Premium
A Multicriteria Weighted Vote‐Based Classifier Ensemble for Heart Disease Prediction
Author(s) -
Bashir Saba,
Qamar Usman,
Khan Farhan Hassan
Publication year - 2016
Publication title -
computational intelligence
Language(s) - English
Resource type - Journals
SCImago Journal Rank - 0.353
H-Index - 52
eISSN - 1467-8640
pISSN - 0824-7935
DOI - 10.1111/coin.12070
Subject(s) - naive bayes classifier , computer science , decision tree , classifier (uml) , ensemble learning , artificial intelligence , ensemble forecasting , support vector machine , confusion matrix , data mining , machine learning , pattern recognition (psychology) , random subspace method , bayes classifier
The availability of a large amount of medical data leads to the need of intelligent disease prediction and analysis tools to extract hidden information. A large number of data mining and statistical analysis tools are used for disease prediction. Single data‐mining techniques show acceptable level of accuracy for heart disease diagnosis. This article focuses on prediction and analysis of heart disease using weighted vote‐based classifier ensemble technique. The proposed ensemble model overcomes the limitations of conventional data‐mining techniques by employing the ensemble of five heterogeneous classifiers: naive Bayes, decision tree based on Gini index, decision tree based on information gain, instance‐based learner, and support vector machines. We have used five benchmark heart disease data sets taken from UCI repository.

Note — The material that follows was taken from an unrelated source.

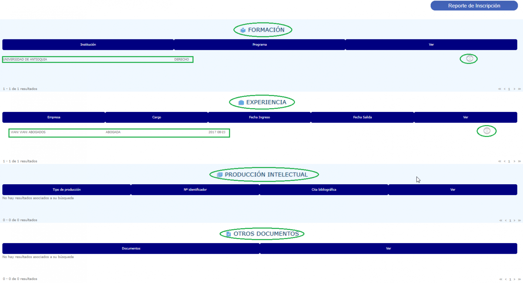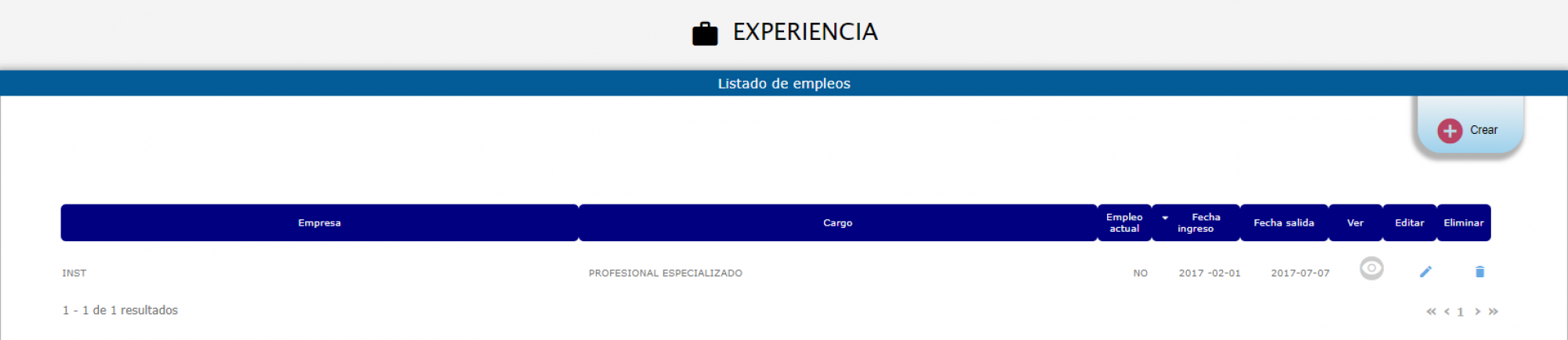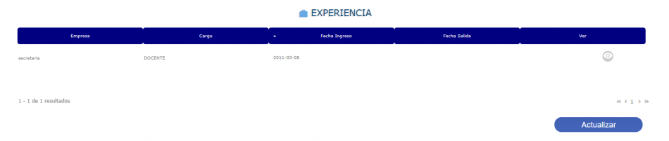 La información se ve reflejada en la tabla correspondiente a Experiencia desde la cual se podrá:

Each data set contains different set of feature space that ultimately leads to the prediction of heart disease. The effectiveness of proposed ensemble classifier is investigated by comparing the performance with different researchers' techniques. Tenfold cross‐validation is used to handle the class imbalance problem. Moreover, confusion matrices and analysis of variance statistics are used to show the prediction results of all classifiers. The experimental results verify that the proposed ensemble classifier can deal with all types of attributes and it has achieved the high diagnosis accuracy of 87.37%, sensitivity of 93.75%, specificity of 92.86%, and F ‐measure of 82.17%. The F ‐ratio higher than the F ‐critical and p ‐value less than 0.01 for a 95% confidence interval indicate that the results are statistically significant for all the data sets.